DATA SEGMENT:
# # #

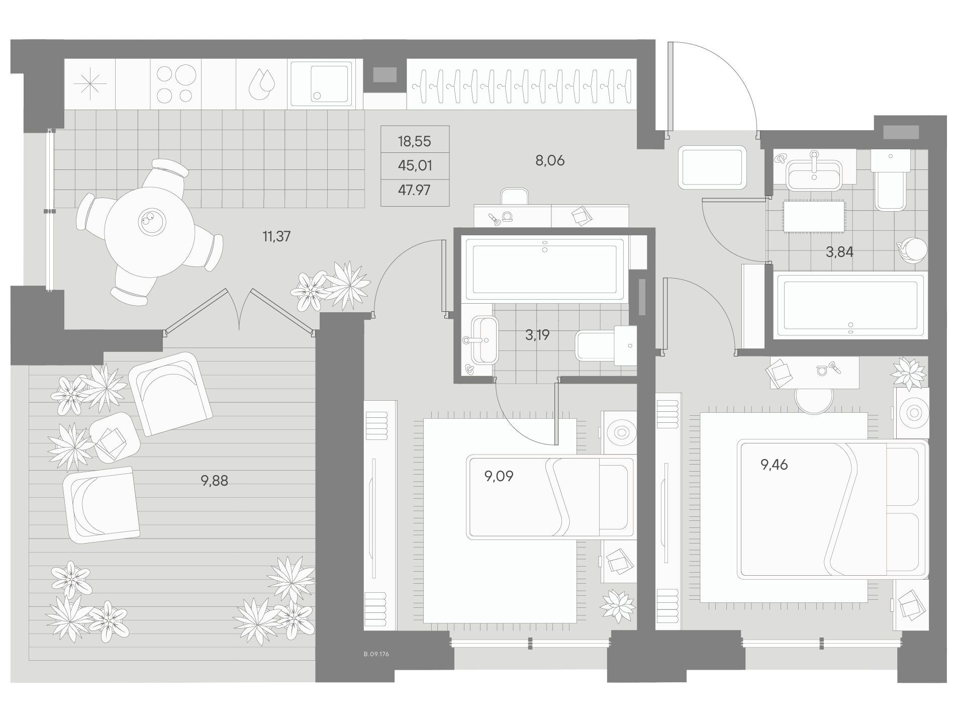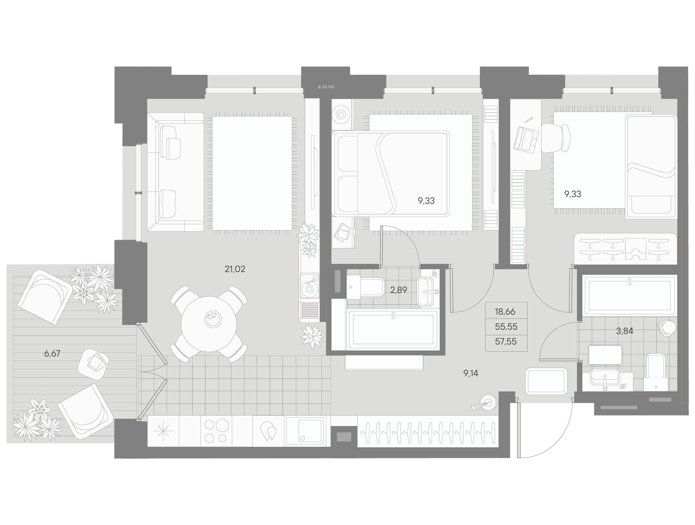 2-комнатная квартира, 70.23 м², 10 из 12 эт.
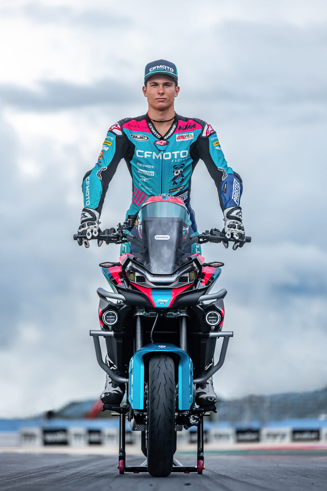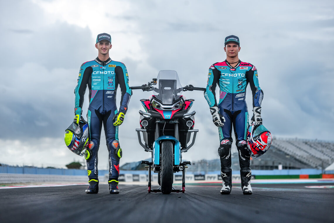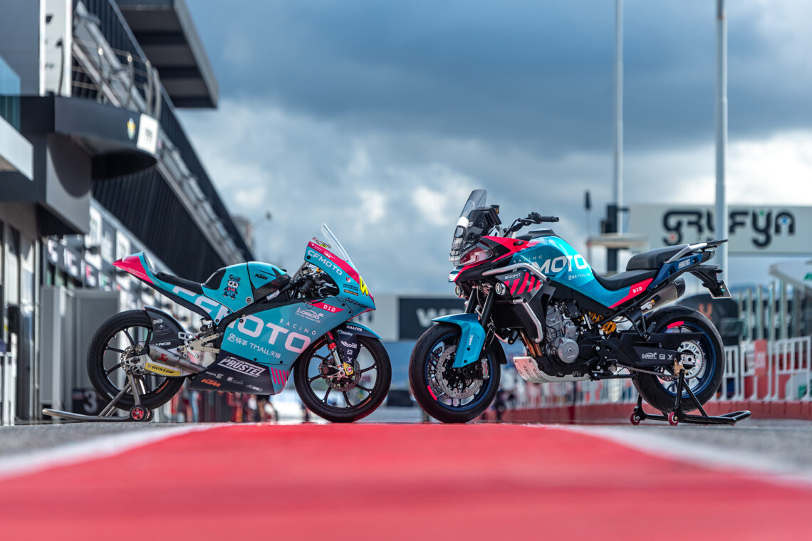 Después de un año de colaboración entre CFMoto y el equipo PrüstelGP en el Mundial de Moto3, los pilotos Xavier Artigas (#43) y Joel Kelso (#66) han dado a conocer una edición especial denominada CFMoto 800MT Sport R que se ha desvelado durante el EICMA de Milán.
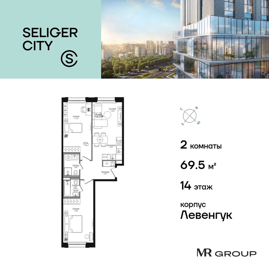 Прямая продажа от застройщика. Продаётся 2-к квартира общей площадью 69.62 кв. м без отделки в ЖК «Селигер Сити» на 14-м этаже 21 этажного дома. Селигер Сити — это уютное пространство, где предусмотрена застройка разной этажности, чтобы каждый покупатель мог выбрать то, что ему по душе: невысокие дома или небоскребы, с верхних этажей которых будут открываться отличные виды на город. Преимущества проекта: Первые три очереди сданы. • 2 минуты пешком от метро «Селигерская» • Архитектурное решение от голландского бюро MLA + • 8 корпусов разной этажности от 8 до 45 этажей • Одна из самых больших придомовых территорий в Москве — размером с 4 футбольных поля • Огороженная охраняемая территория, круглосуточное видеонаблюдение • Европейский подход к благоустройству от бюро WOWHaus: детские площадки для разных возрастов, спортивные площадки, площадки воркаута, дорожки для бега и пеших прогулок, скейтпарк, хоккейная площадка, площадка для выгула собак • Искусственный пруд на территории комплекса с благоустроенной набережной и мостом • Продуманная концепция инфраструктуры: уютные кафе и рестораны, супермаркет, магазин фермерских продуктов, бытовые службы, салон красоты, детские сады • Панорамные окна высотой до 2,5 м, в корпусах 3 очереди витражное остекление высотой до 4,2 м • Широкий выбор квартир — от компактных студий до просторных квартир с тремя спальнями и пентхаусов • Четыре вида дизайнерской отделки квартир от бюро Вlank Architects • Возможность купить квартиру с предчистовой отделкой white box • «Умный дом» на платформе Ujin. Система безопасности, вход на территорию и в подъезд по биометрии или BLE-метке, въезд в паркинг по считывателю номера, контроль климата. Все для комфортной жизни! • Лобби по индивидуальному дизайн проекту от европейского бюро Вlank Architects: лаунж-зоны, ресепшен, колясочная, помещение для мытья лап животным после прогулки • Подземный паркинг на 2189 машино-мест по индивидуальному дизайну, с зарядными устройствами для электромобилей, постами для подкачки шин и келлерами • Надежный девелопер с опытом премиальных проектов MR Group Расположение комплекса: • 2 минуты от станции метро «Селигерская» • 7 минут на машине до станции метро «Окружная» • Предусмотрен удобный выезд в сторону ТТК (всего 9 км или 15 минут без пробок) • МКАД в 10 минутах на машине Компания MR Group предлагает своим клиентам специальные условия приобретения квартир в рамках программ ипотечного кредитования от банков-партнеров.О застройщике
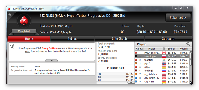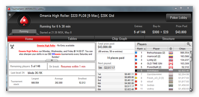 Poker Stars $1000+$50 Pot Limit Omaha Hi/Lo Tournament - t160/t320 Blinds - 7 players -

# # #

WHAT THE EXERCISE ASKS: Go through the listing above and retype each line exactly, apart from the pictures.

THE ANSWER:
 2-комнатная квартира, 70.23 м², 10 из 12 эт.
 Después de un año de colaboración entre CFMoto y el equipo PrüstelGP en el Mundial de Moto3, los pilotos Xavier Artigas (#43) y Joel Kelso (#66) han dado a conocer una edición especial denominada CFMoto 800MT Sport R que se ha desvelado durante el EICMA de Milán.
 Прямая продажа от застройщика. Продаётся 2-к квартира общей площадью 69.62 кв. м без отделки в ЖК «Селигер Сити» на 14-м этаже 21 этажного дома. Селигер Сити — это уютное пространство, где предусмотрена застройка разной этажности, чтобы каждый покупатель мог выбрать то, что ему по душе: невысокие дома или небоскребы, с верхних этажей которых будут открываться отличные виды на город. Преимущества проекта: Первые три очереди сданы. • 2 минуты пешком от метро «Селигерская» • Архитектурное решение от голландского бюро MLA + • 8 корпусов разной этажности от 8 до 45 этажей • Одна из самых больших придомовых территорий в Москве — размером с 4 футбольных поля • Огороженная охраняемая территория, круглосуточное видеонаблюдение • Европейский подход к благоустройству от бюро WOWHaus: детские площадки для разных возрастов, спортивные площадки, площадки воркаута, дорожки для бега и пеших прогулок, скейтпарк, хоккейная площадка, площадка для выгула собак • Искусственный пруд на территории комплекса с благоустроенной набережной и мостом • Продуманная концепция инфраструктуры: уютные кафе и рестораны, супермаркет, магазин фермерских продуктов, бытовые службы, салон красоты, детские сады • Панорамные окна высотой до 2,5 м, в корпусах 3 очереди витражное остекление высотой до 4,2 м • Широкий выбор квартир — от компактных студий до просторных квартир с тремя спальнями и пентхаусов • Четыре вида дизайнерской отделки квартир от бюро Вlank Architects • Возможность купить квартиру с предчистовой отделкой white box • «Умный дом» на платформе Ujin. Система безопасности, вход на территорию и в подъезд по биометрии или BLE-метке, въезд в паркинг по считывателю номера, контроль климата. Все для комфортной жизни! • Лобби по индивидуальному дизайн проекту от европейского бюро Вlank Architects: лаунж-зоны, ресепшен, колясочная, помещение для мытья лап животным после прогулки • Подземный паркинг на 2189 машино-мест по индивидуальному дизайну, с зарядными устройствами для электромобилей, постами для подкачки шин и келлерами • Надежный девелопер с опытом премиальных проектов MR Group Расположение комплекса: • 2 минуты от станции метро «Селигерская» • 7 минут на машине до станции метро «Окружная» • Предусмотрен удобный выезд в сторону ТТК (всего 9 км или 15 минут без пробок) • МКАД в 10 минутах на машине Компания MR Group предлагает своим клиентам специальные условия приобретения квартир в рамках программ ипотечного кредитования от банков-партнеров.О застройщике
 Poker Stars $1000+$50 Pot Limit Omaha Hi/Lo Tournament - t160/t320 Blinds - 7 players -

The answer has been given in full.